The majority of the studies, that have estimated environmental and genetic components of variance for life span and reproductive traits of Artemia, have focused on temperature and salinity; these are the most important abiotic factors affecting the life history of hypersaline organisms (Barata et al. 1996; Browne and Wanigasekera, 2000; Abatzopoulos et al. 2003).

Μonoclonal populations produced by apomictic parthenogenetic Artemia (i.e. lineages derived from the same mother) could be used successfully for studying phenotypic traits (such as life span and reproductive characteristics), although this approach has been poorly utilized until very recently (Browne et al. 2002; Abatzopoulos et al. 2003).

In this study, we tried to document the phenotypic expressions (ten life history traits) of two genotypic lineages exposed to variable levels of salinity; these lineages came from the same parthenogenetic population (but from different females) and they were identical according to RFLP-mtDNA analysis.

Materials and Methods

Two Artemia clones were isolated from the parthenogenetic tetraploid population of Polychnitos saltworks (Lesbos island, Aegean Sea, Greece – Triantaphyllidis et al. 1993).

Culture conditions

Stock culture of Polychnitos population (1 individual / 4ml) was kept in 1L cylindroconical glass jars maintained at 24oC. The salinity of the culture medium was 60 g l-1. Animals were fed with 75% of yeast-based diet LANSY-PZ (INVE Aquaculture NV, Belgium) and 25% Dunaliella tertiolecta according to Abatzopoulos et al. (2003).

Experimental design

Twenty five females were isolated in equal of 50 ml cylindroconical tubes before they reached adulthood. After their first brood, five nauplii from each individual were sacrificed for DNA extraction (see mtDNA-RFLP analysis section). Extracted DNA was used for RFLP-mtDNA analysis; this technique revealed that there were two different clades of mtDNA in the same population (clade 1 and clade 2, respectively). Two individuals were chosen from clade 1 (A and B, respectively) for the continuation of the experiment.
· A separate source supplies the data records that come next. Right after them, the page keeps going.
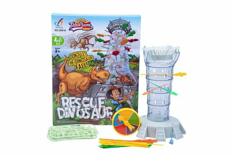 Gra spadające dinozaury. Nie pozwól spaść dinozaurom. Umieść patyczki w wieży dinozaurów. Wsyp dinozaury do środka. Zakręć strzałką i wyciągnij patyczek odpowiedniego koloru. Bądź ostrożny, nie pozwól dinozaurom spaść. Wieża wymaga montażu. W zestawie: elementy do budowy wueży, 21 patyczków w 3 kolorach, strzałka, 1 niebieski dinozaur, 18 niebieskich dinozaurów. Wymiary opakowania: 28,5 x 22 x 6,5 cmLiczba graczy: 2-4Wiek: 3+
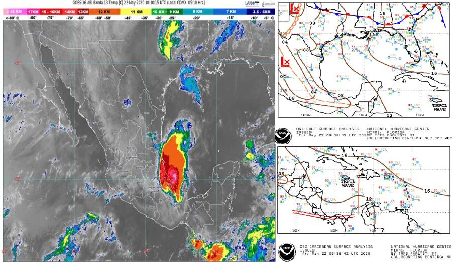 Por otra parte, canales de baja presión sobre el oriente y sureste del país, en interacción con la entrada de humedad del Océano Pacífico y Mar Caribe, ocasionarán lluvias fuertes a puntuales muy fuertes, actividad eléctrica, posibles granizadas y rachas de viento durante el paso de las tormentas, en dichas regiones, incluyendo la Península de Yucatán, además de intervalos de chubascos en el Valle de México.
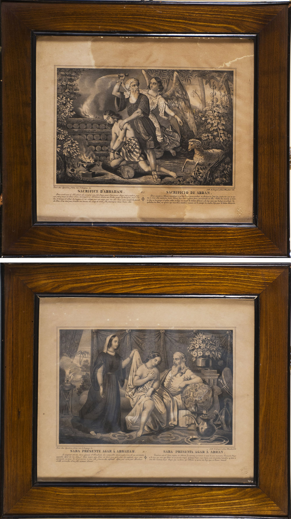 Coppia di incisioni del sec. XIX raffiguranti il 'Sacrificio di Abramo' e 'Sara presenta Agar ad Abramo' (cm 30x35). In cornici coeve con profili ebanizzati Pair of 19th century engravings "Abraham's Sacrifice" "Sarah Introduces Agar to Abraham". Coeval frames with ebonized profiles

These two individuals produced clones which were used for recording ten life span and reproductive characteristics (total lifespan, pre-reproductive, reproductive and post-reproductive period, number of broods, days between broods, number of nauplii, number of encysted embryos, offspring per brood and offspring per reproductive day) under three different salinities (50, 100 and 150 g l-1; temperature was constant at 24±1oC). Reproductive and life span characteristics were analyzed by using non-parametric tests (Kruskal-Wallis), since the ANOVA assumptions were not fulfilled. The significance level was set to 0.05.

mtDNA-RFLP analysis

DNA was extracted using the CTAB protocol described in Hillis et al. (1996). Part of the 16S rRNA gene was amplified using the universal primers L2510 and H3080, described by Palumbi et al. (1996). PCR products were digested with 9 restriction endonucleases, electrophoretically separated in 1.5% agarose gel, stained with ethidium bromide, visualized and photographed under UV light.

Results and Discussion

Six reproductive and four life span characters from the parthenogenetic clones A and B at three different salinities are summarized in Table 1. Statistical analysis using Kruskal-Wallis test indicated that significant differences exist between clones in each salinity treatment for the majority of the characters studied (see Table 1). More specifically, at 50 g l-1 clone A and B were statistically different in eight out of ten characters studied; clone A presented statistically lower values than clone B in total life span, reproductive period, post reproductive period, number of broods, days between broods, number of nauplii, offspring per brood and offspring per reproductive day. It is worth noting that at 50 g l-1 both clones have produced no encysted embryos. At 100 g l-1, eight out of the ten scored characters were statistically different; clone A and B appeared to have similar values only in post-reproductive period and in number of encysted embryos; at the same salinity, clone A outperformed clone B. At 150 g l-1, the same characteristics were statistically different between the two clones but in this case clone B seemed to be the fittest.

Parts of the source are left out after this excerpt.